Task:
In the records below, find the line with "曲调:柔软的嫩黄色法国小菊,将其插在锥形", then copy each line exactly until you have copied the line with "This LG matching". Leave any picture out.
··· Data for this exercise ···
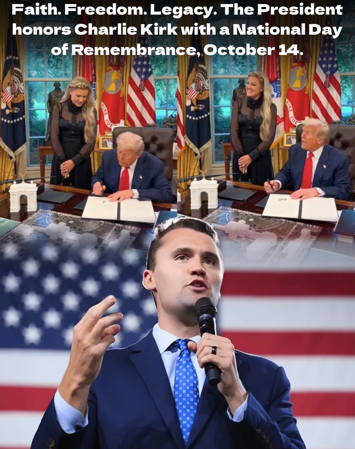 It was a scene filled with reverence and quiet emotion — the kind of moment that reminds a nation of what it means to remember. Inside the Oval Office, under the soft glow of afternoon light, the President of the United States stood solemnly beside Erika Kirk, widow of the late conservative leader Charlie Kirk, as he signed a historic proclamation declaring October 14 the National Day of Remembrance in Charlie’s honor.
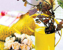 曲调:柔软的嫩黄色法国小菊,将其插在锥形砖红色容器中,缩口的外形使小菊呈现向外散开的特征,而且空气不易进入、水也不容易发臭;柔和的黄色能将客厅烘托得十分高雅。
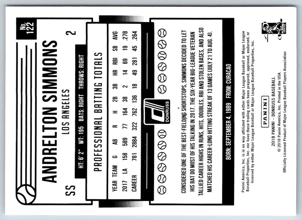 The 2018 Donruss Andrelton Simmons #122 Los Angeles Angels card is a must-have for any Angels fan! This card features an action shot of Simmons in his signature Angels uniform, showcasing the shortstop's impressive field skills. It also features his name and team logo, making it the perfect addition to any baseball card collection. With its stunning full-color design and excellent quality, this card is sure to be a hit with collectors. Add this card to your collection today and show your love for the Los Angeles Angels!
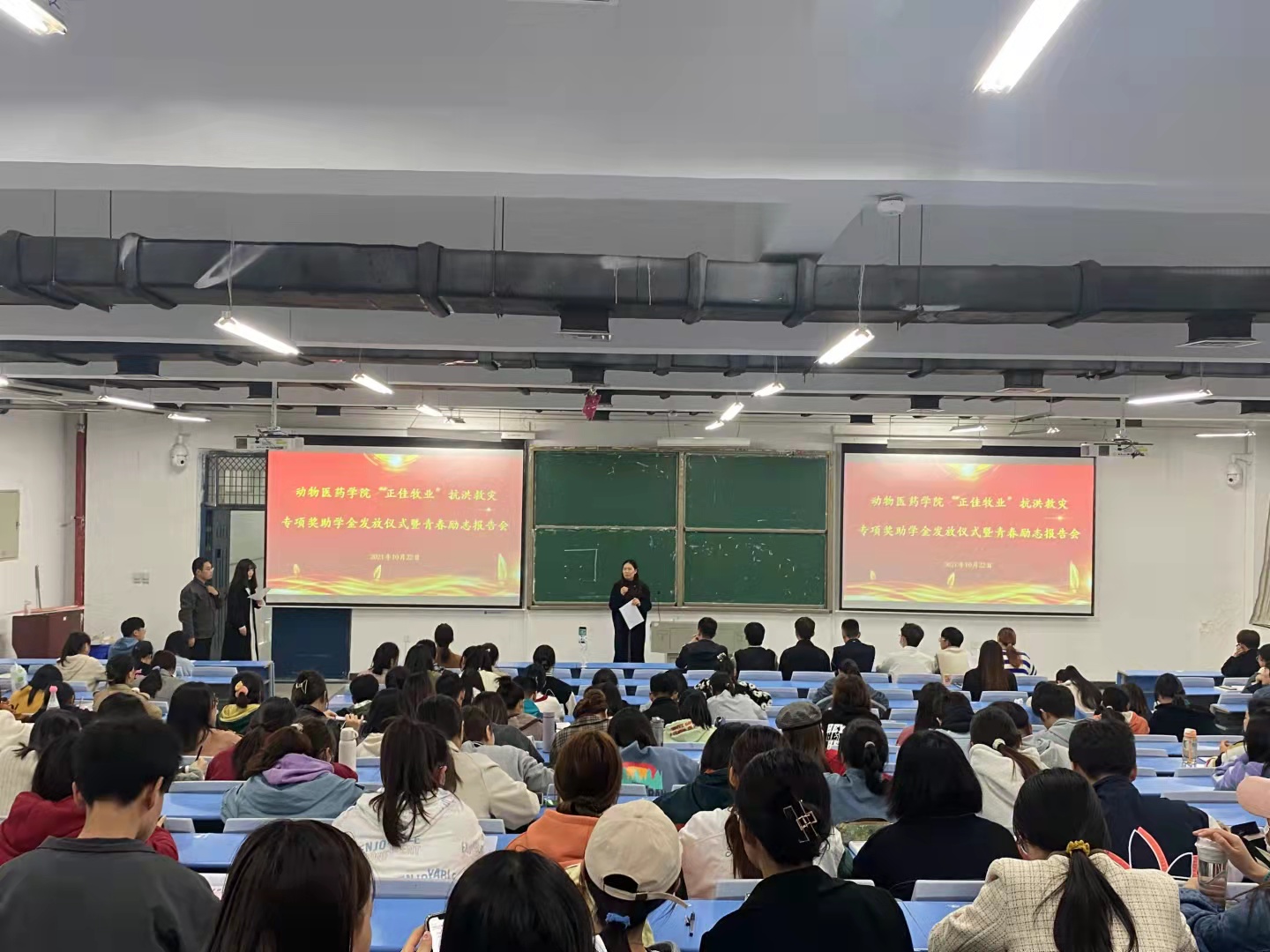 首先,院团委副书记樊明明详细介绍了“正佳牧业”奖助学金的设立背景,她告诉同学们:“河南今夏遭遇“720”暴雨袭击,多地发生严重洪涝灾害,我院学子展现社会担当,深入救灾一线,同时也有部分学生家庭受灾严重,经济出现临时困难,为了帮助受灾学生渡过难关,激励返乡大学生积极参与抗洪救灾,我院联合正佳牧业有限公司设立了该项奖助学金。”接着,院团委副书记樊明明和聂丹为此次受灾学生和抗洪学子学生代表颁发奖助学金。最后,被人民日报、河南省教育厅等多家媒体报道的退役学子孙逸冰和抗洪抖音视频点击量超过百万的陈思宇同学为同学们讲述洪涝灾害的一线救援行动,让同学们深刻感受到,要把小我融入祖国的大我、人民的大我,与人民共命运,这样才能更好地实现人生价值。
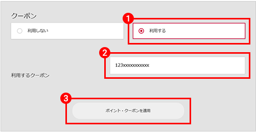 - 「支払い入力」という画面にある「利用するクーポン」を選択
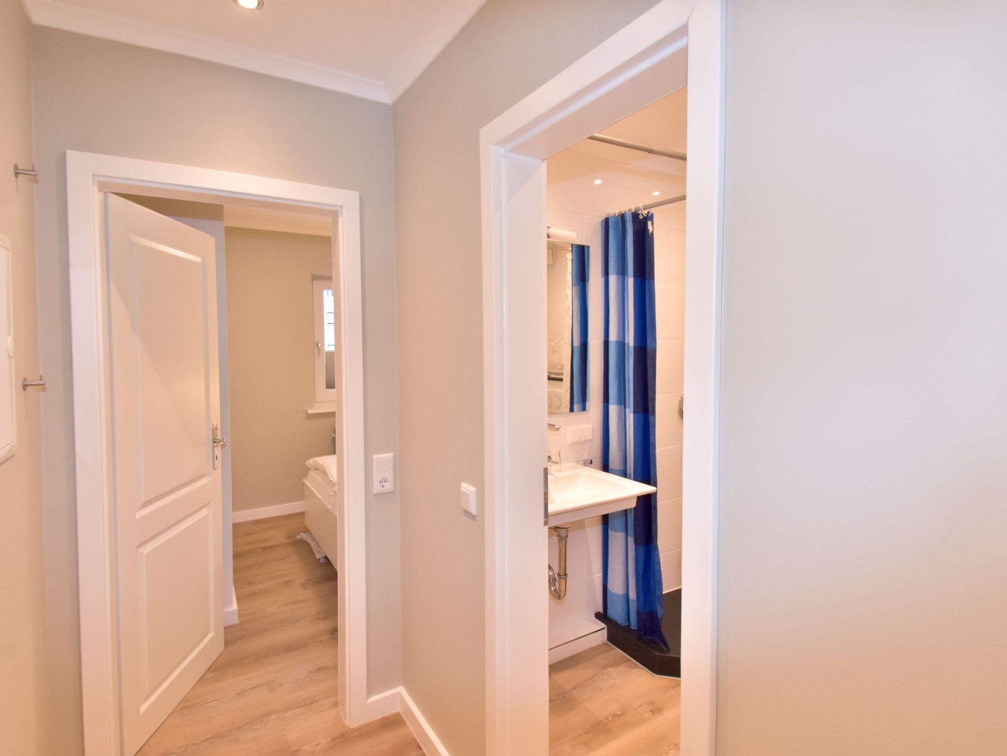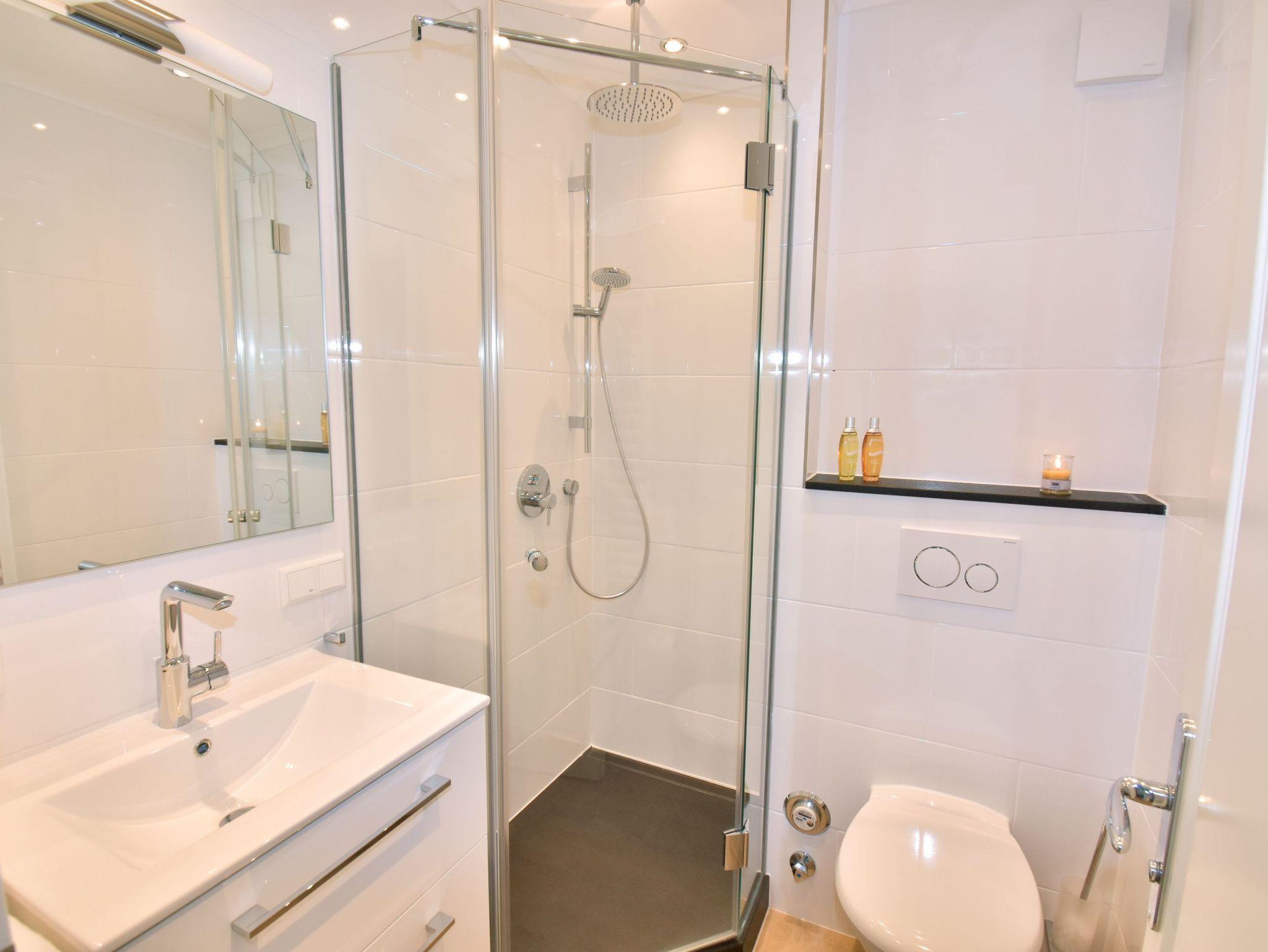 Das moderne neue Badezimmer bietet eine Dusche mit extraflachem Einstieg, einen Handtuchheizkörper, einen Waschtisch, Fön und WC und ist perfekt für den Start in einen entspannten Urlaubstag.
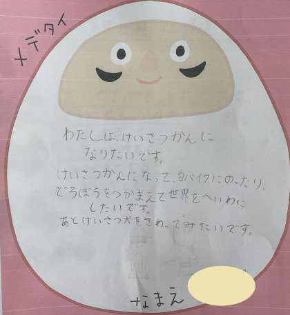 3年生の教室の掲示物を紹介します。将来の夢について書かれていましたよ。みんなはどんな夢をもっているかな。一歩ずつ未来に進んでいこうね!
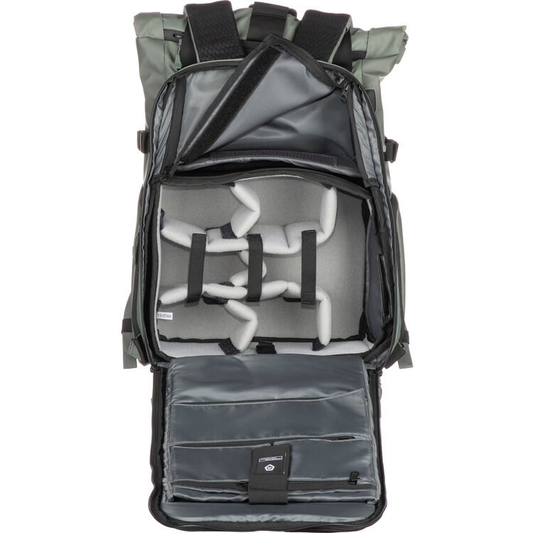 Para mayor comodidad, incluye tirantes acolchados y ergonómicos, correa de pecho para mejorar la estabilidad y un panel trasero con mejor ventilación. En el interior dispone de compartimentos acolchados para portátil y tablet, además de bolsillos con cremallera para mantener organizados los accesorios pequeños. Es compatible con un Camera Cube opcional, que se fija de forma segura en el interior.
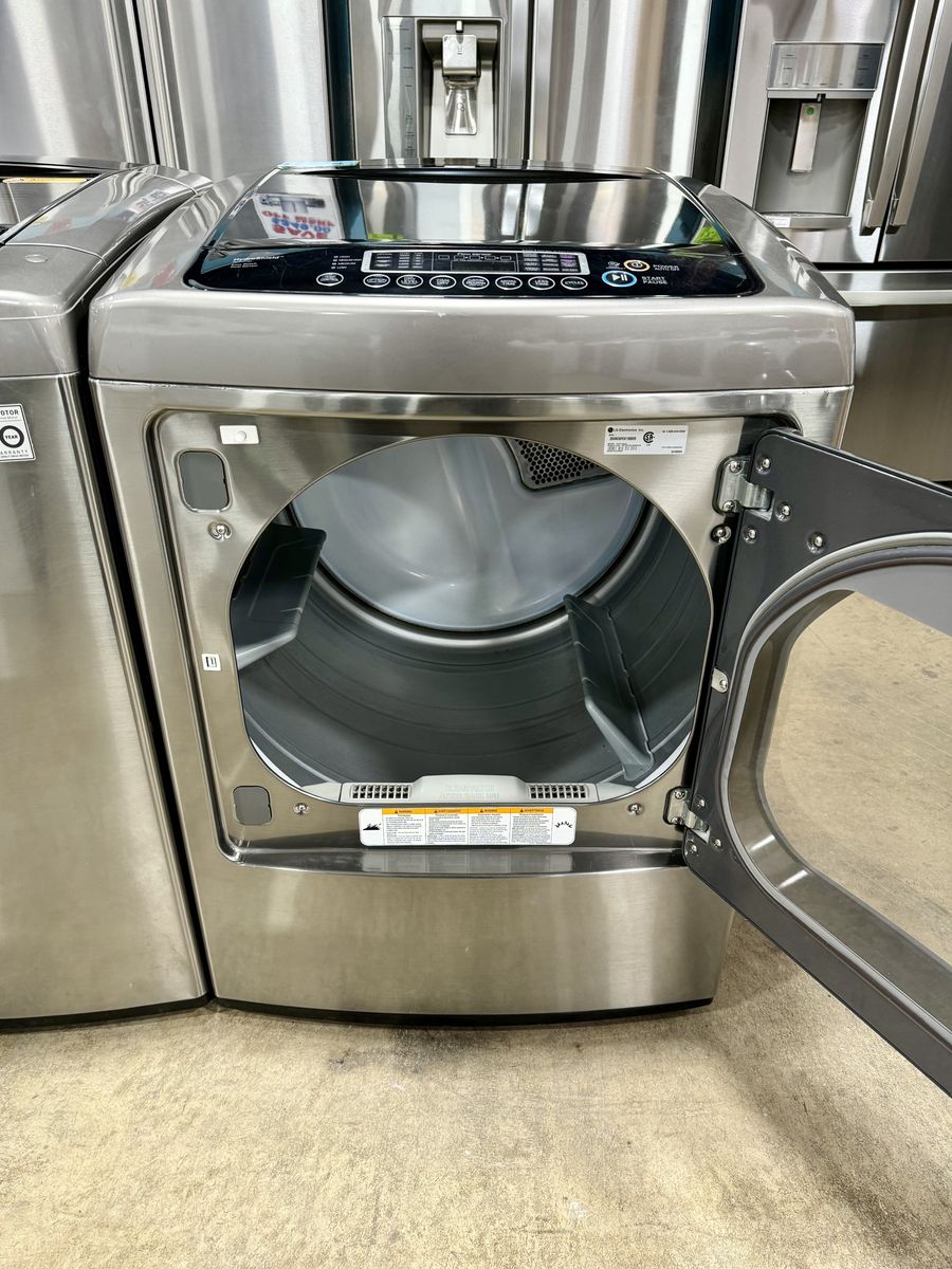 This LG matching washer and dryer set is in excellent working condition. It is loaded with options and is sold with a warranty.
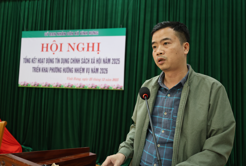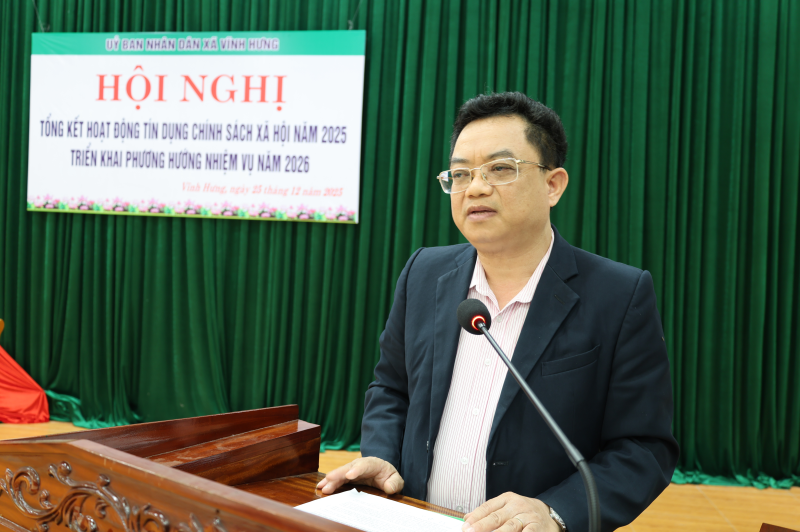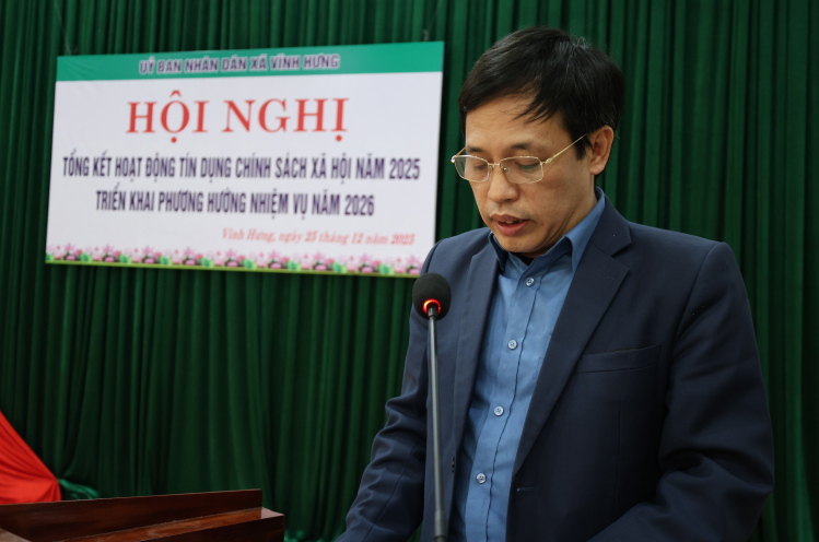 Phát biểu chỉ đạo tại hội nghị, Đồng chí Trương Đức Tuấn - Bí thư Đảng ủy, Chủ tịch HĐND xã nhấn mạnh: năm 2025 là năm có ý nghĩa đặc biệt quan trọng đối với xã Vĩnh Hưng khi xã được hình thành trên cơ sở sáp nhập ba đơn vị hành chính cũ Đại Đồng, Nghĩa Hưng, Yên Lập và là năm đầu tiên thực hiện Nghị quyết Đại hội Đảng bộ xã lần thứ I, nhiệm kỳ 2025–2030. Trong bối cảnh còn nhiều khó khăn, song với sự lãnh đạo toàn diện của Đảng ủy, sự điều hành của UBND xã và sự phối hợp chặt chẽ của NHCSXH Vĩnh Tường cùng các tổ chức chính trị – xã hội, hoạt động tín dụng chính sách xã hội trên địa bàn đã đạt nhiều kết quả tích cực, góp phần giữ vững ổn định chính trị – xã hội, nâng cao đời sống nhân dân. Đồng chí Bí thư Đảng ủy xã đề nghị trong năm 2026, các cấp, các ngành, các tổ chức chính trị – xã hội tiếp tục tăng cường lãnh đạo, chỉ đạo, triển khai hiệu quả các chủ trương, chính sách của Đảng và Nhà nước về tín dụng chính sách xã hội; đẩy mạnh công tác tuyên truyền, nâng cao nhận thức của người dân, gắn việc vay vốn với chuyển giao khoa học kỹ thuật, nhân rộng các mô hình sản xuất kinh doanh hiệu quả; tăng cường công tác kiểm tra, giám sát, xử lý nợ quá hạn, nâng cao chất lượng tín dụng, đáp ứng ngày càng tốt hơn nhu cầu vốn của nhân dân.
···
Output for this task:
 曲调:柔软的嫩黄色法国小菊,将其插在锥形砖红色容器中,缩口的外形使小菊呈现向外散开的特征,而且空气不易进入、水也不容易发臭;柔和的黄色能将客厅烘托得十分高雅。
 The 2018 Donruss Andrelton Simmons #122 Los Angeles Angels card is a must-have for any Angels fan! This card features an action shot of Simmons in his signature Angels uniform, showcasing the shortstop's impressive field skills. It also features his name and team logo, making it the perfect addition to any baseball card collection. With its stunning full-color design and excellent quality, this card is sure to be a hit with collectors. Add this card to your collection today and show your love for the Los Angeles Angels!
 首先,院团委副书记樊明明详细介绍了“正佳牧业”奖助学金的设立背景,她告诉同学们:“河南今夏遭遇“720”暴雨袭击,多地发生严重洪涝灾害,我院学子展现社会担当,深入救灾一线,同时也有部分学生家庭受灾严重,经济出现临时困难,为了帮助受灾学生渡过难关,激励返乡大学生积极参与抗洪救灾,我院联合正佳牧业有限公司设立了该项奖助学金。”接着,院团委副书记樊明明和聂丹为此次受灾学生和抗洪学子学生代表颁发奖助学金。最后,被人民日报、河南省教育厅等多家媒体报道的退役学子孙逸冰和抗洪抖音视频点击量超过百万的陈思宇同学为同学们讲述洪涝灾害的一线救援行动,让同学们深刻感受到,要把小我融入祖国的大我、人民的大我,与人民共命运,这样才能更好地实现人生价值。
 - 「支払い入力」という画面にある「利用するクーポン」を選択
 Das moderne neue Badezimmer bietet eine Dusche mit extraflachem Einstieg, einen Handtuchheizkörper, einen Waschtisch, Fön und WC und ist perfekt für den Start in einen entspannten Urlaubstag.
 3年生の教室の掲示物を紹介します。将来の夢について書かれていましたよ。みんなはどんな夢をもっているかな。一歩ずつ未来に進んでいこうね!
 Para mayor comodidad, incluye tirantes acolchados y ergonómicos, correa de pecho para mejorar la estabilidad y un panel trasero con mejor ventilación. En el interior dispone de compartimentos acolchados para portátil y tablet, además de bolsillos con cremallera para mantener organizados los accesorios pequeños. Es compatible con un Camera Cube opcional, que se fija de forma segura en el interior.
 This LG matching washer and dryer set is in excellent working condition. It is loaded with options and is sold with a warranty.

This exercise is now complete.